The Customer Value Journey Most Brands Get Backwards
The customer value experience maps the path a person takes from first awareness of your brand through to becoming an active advocate for it. Most frameworks present this as a linear progression through stages like awareness, engagement, conversion, and retention. The reality is messier, but the framework is still useful, provided you apply it in the right direction.
Most brands build this experience backwards. They optimise hard at the bottom, where purchase intent already exists, and underinvest at the top, where future customers are formed. That imbalance is commercially expensive, and most marketing teams never see it because their attribution models don’t show them what they’re missing.
Key Takeaways
- Most brands over-invest in capturing existing demand and under-invest in creating new demand, which produces short-term efficiency at the cost of long-term growth.
- The customer value experience is not linear. Customers skip stages, loop back, and arrive at purchase through paths that performance attribution rarely captures accurately.
- Advocacy is not a marketing tactic. It is the output of a genuinely good experience, and it cannot be manufactured through referral mechanics alone.
- Retention economics are more powerful than acquisition economics at scale, but only if the product and experience are strong enough to justify loyalty.
- Mapping the experience without measuring what actually happens at each stage is an exercise in decoration, not strategy.
In This Article
- What Does the Customer Value experience Actually Describe?
- Why the Top of the experience Is Where Most Brands Underinvest
- How the experience Differs by Category and Context
- The Role of Experience Across Every Stage
- Where Retention Fits and Why Most Brands Mismanage It
- Advocacy Is Not a Programme. It Is an Outcome.
- Technology’s Role in experience Management
- How to Map a experience That Is Actually Useful
Early in my career I was a committed lower-funnel operator. Paid search, retargeting, conversion rate optimisation. I was good at it, and the numbers looked excellent. It took me years, and a few uncomfortable conversations with clients who were growing their paid spend but not their customer base, to accept that much of what I was crediting to performance marketing was going to happen anyway. The person who had already decided to buy was going to find a way to buy. We were just collecting the toll on a road they were already travelling. Real growth required reaching people who had not yet decided anything at all.
What Does the Customer Value experience Actually Describe?
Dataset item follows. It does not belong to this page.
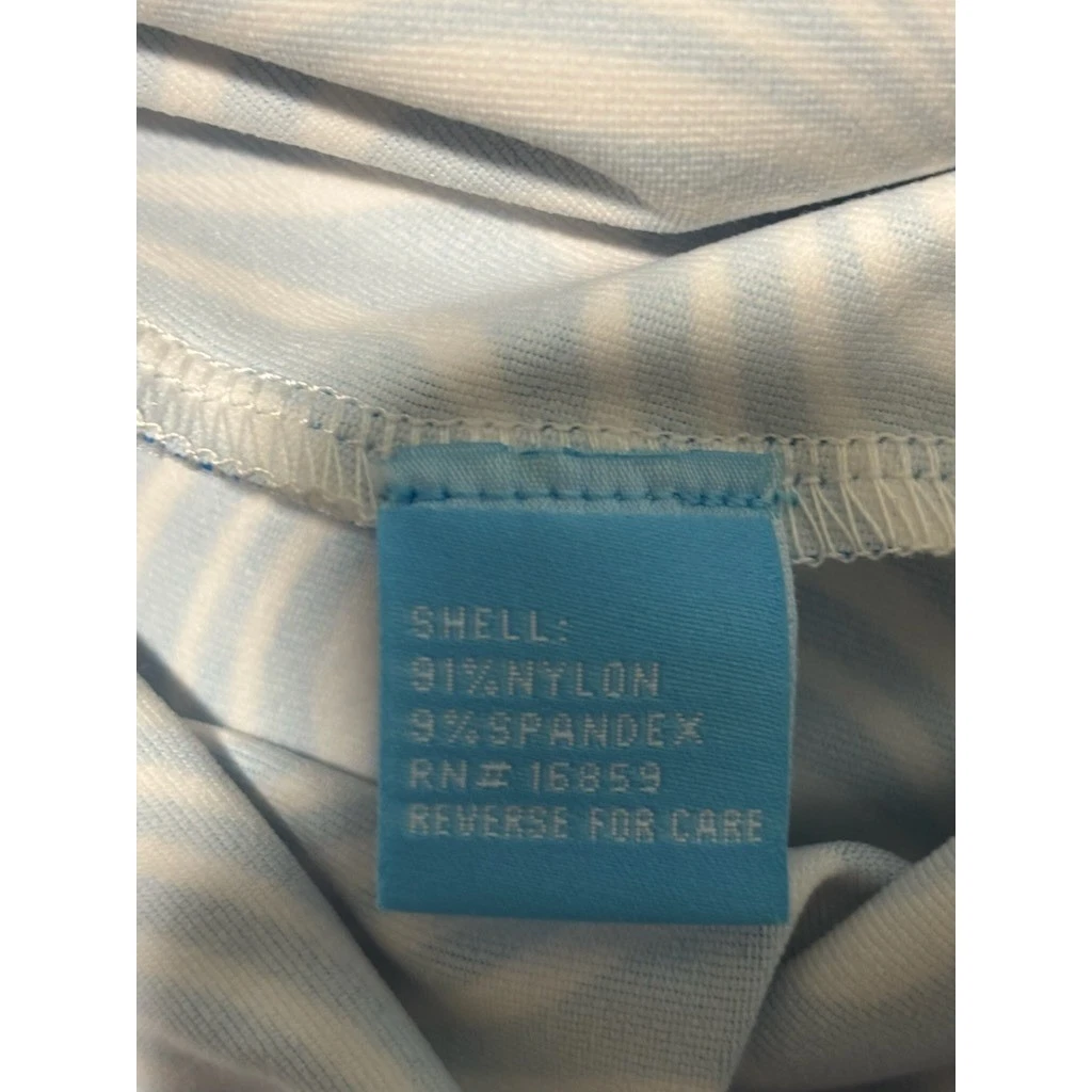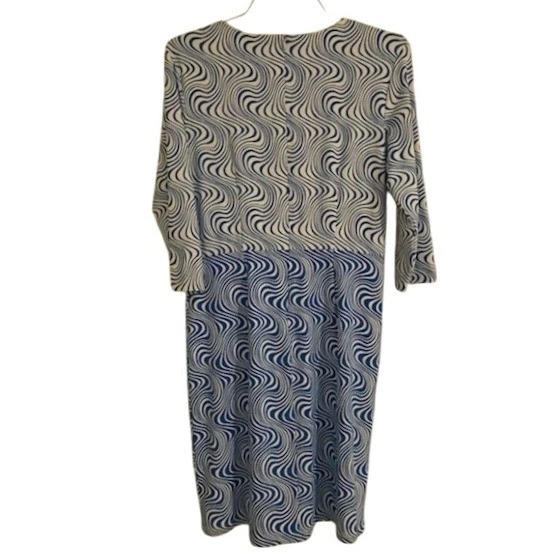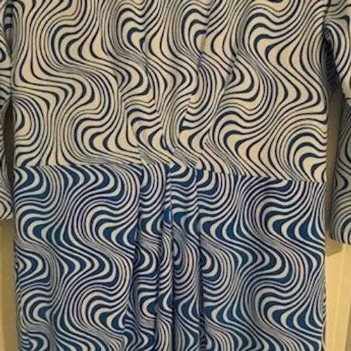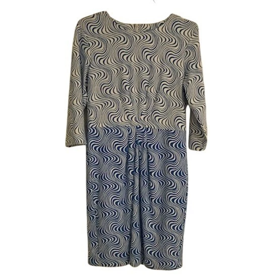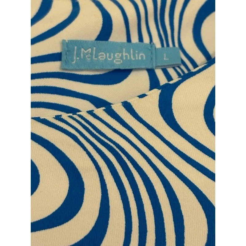 Excellent condition! J.McLaughlin blue and white swirl print dress. This stylish dress showcases a mesmerizing wavy pattern, artfully divided into two distinct sections. The upper bodice and sleeves feature a more delicate swirl, transitioning into a bolder, more pronounced pattern on the skirt. Thoughtful pleating at the waist adds a flattering silhouette and elegant drape. Its versatile design makes it perfect for a casual brunch, a sophisticated daytime event, or a relaxed evening out.

The customer value experience is a model for understanding how people move from strangers to customers to advocates. Different frameworks use different language. Some use eight stages, some use five. The labels matter less than the underlying logic: people do not arrive at advocacy without passing through awareness, consideration, and a meaningful experience of your product or service.
What the model captures well is that value flows in both directions. You create value for the customer at each stage, and the customer creates value for you. Early stages generate awareness data and audience insight. Mid-funnel stages generate intent signals and first-party data. Post-purchase stages generate revenue, retention, and, if you do it well, word-of-mouth that costs you nothing.
What the model often obscures is the non-linearity of real behaviour. A customer might encounter your brand through a social post, forget about it for six months, see a friend mention it, search your name, read a review, and then buy. That path touches five or six stages in a sequence that no attribution model will reconstruct accurately. Understanding the full shape of the customer experience means accepting that your data is always a partial picture.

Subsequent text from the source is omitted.